Will they eat the baking soda on their own when they have bloat? Or would u have to drench them with it?


----------



## ksalvagno (Oct 6, 2009)

kenzie said:


> Ok, thank you for the info i defintely will use salt now! thanks!


Do you have a good loose goat mineral out for them? That really should be what they are getting instead of baking soda or plain salt.


----------



## ksalvagno (Oct 6, 2009)

cteague said:


> Will they eat the baking soda on their own when they have bloat? Or would u have to drench them with it?

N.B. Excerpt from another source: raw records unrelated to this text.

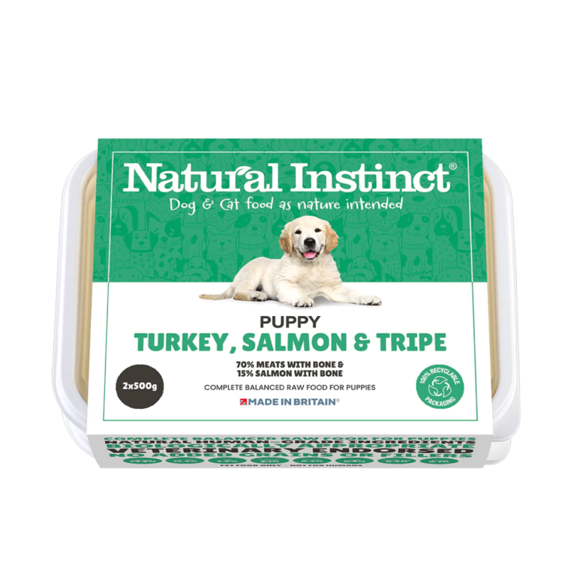 Natural Instinct Puppy Turkey, Salmon & Tripe is a complete and balanced raw food designed for puppies over 8 weeks old. This flavour-packed frozen recipe combines a variety of high-quality proteins: turkey with bone (37%), turkey heart (10%), salmon with bone (15%), beef green tripe (14%), beef heart (5%) and beef liver (4%), along with fruits, vegetables, and superfoods.
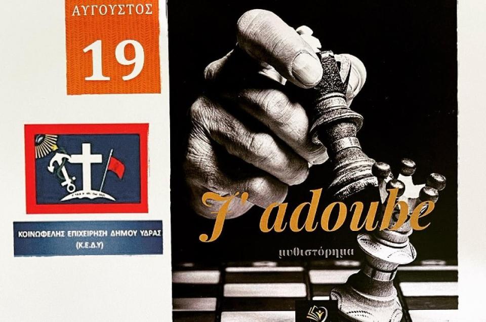Την Παρασκευή 19 Αυγούστου θα πραγματοποιηθεί από την Κοινωφελή Επιχείρηση του Δήμου Ύδρας στην Δημοτική Αγορά στις 8:30 το βράδυ, η παρουσίαση του βιβλίου του Γιώργου Φράγκου "J' adoube" (εκδόσεις ΟΤΑΝ).
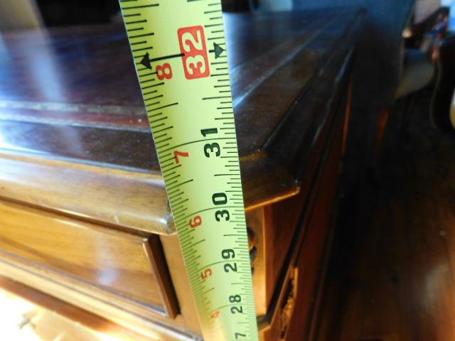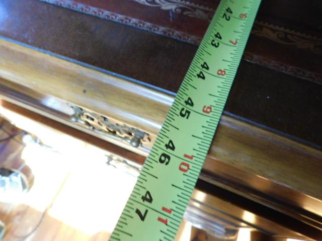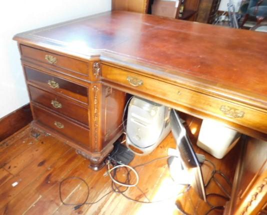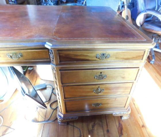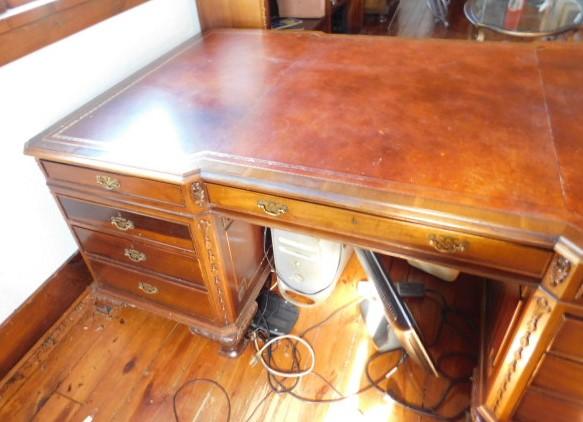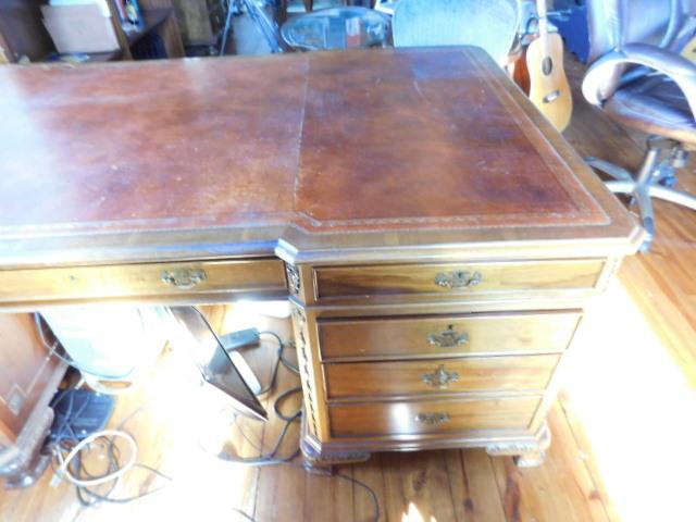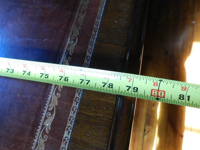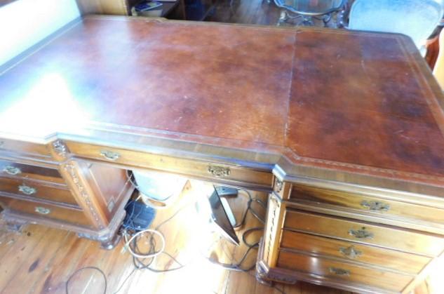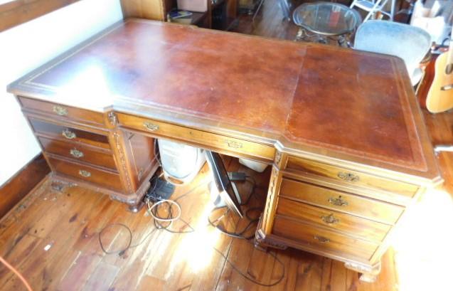 Solid Wood Maple Executive Desk with Leather Top and Marquetry Accents 81"x46"x30" expect some wear and scratches to the surface. There a couple of minor burns on surface of leather. This is an upstairs item. Please bring tools to breakdown if needed. 2 to 3 person removal
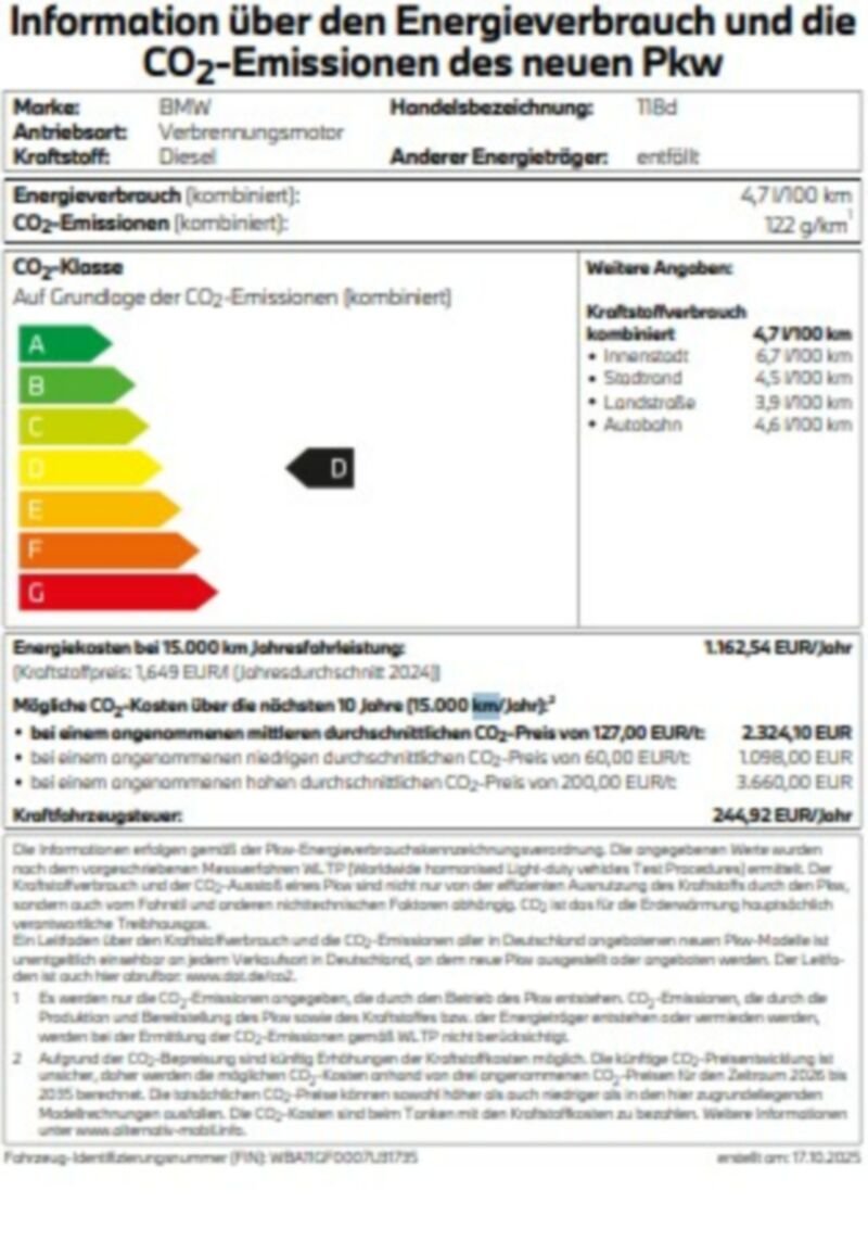 Information über den Energieverbrauch und die CO2-Emissionen des neuen PKW

If they are actually bloated, then I would be drenching it.


----------



## cteague (Aug 17, 2013)

Thank u


----------



## cteague (Aug 17, 2013)

Here is a pic after he ate today. I rubbed his belly like my book said and he stood there. He kind of stretched out and when he walks he holds his tail wierd. Could that be bloat? And he usually wouldn't let me rub his belly like that. I still have to catch him sometimes.


----------



## ksalvagno (Oct 6, 2009)

Hard to say. Looks like it could be a good rumen going. Is he showing signs of distress?


----------



## cteague (Aug 17, 2013)

No he still eats and drinks. But yesterday he didn't act like he felt good. He has the don't want to be caught and jump around syndrome lol. So yesterday when he just stood still and didn't try to get away when I caught him and rub his belly...it kinda concerned me. I talked with the guy I got them from and he said I might should take them off the alfalfa since they are whethers. He said it might be bloating him.


----------



## ksalvagno (Oct 6, 2009)

If you recently got them and this is a change in diet, that can definitely do it. All dietary changes should always be done slowly.


----------



## cteague (Aug 17, 2013)

I started them off with about a 1/2 cup each. And over the last few months increased it to about a cup of the pellets. The mixed hay with molasses on it I was splitting a gallon ziplock bag between them over a 2 day period.


----------



## ksalvagno (Oct 6, 2009)

Do they eat pasture?


----------



## cteague (Aug 17, 2013)

They have a little pasture. But not a lot of grass here right now. Its all turned brown.


----------



## ksalvagno (Oct 6, 2009)

Why is molasses on the hay?


----------



## J.O.Y. Farm (Jan 10, 2012)

ksalvagno said:


> Why is molasses on the hay?


Could be Chaffhay :shrug:


----------



## cteague (Aug 17, 2013)

It is a hay in a bag


----------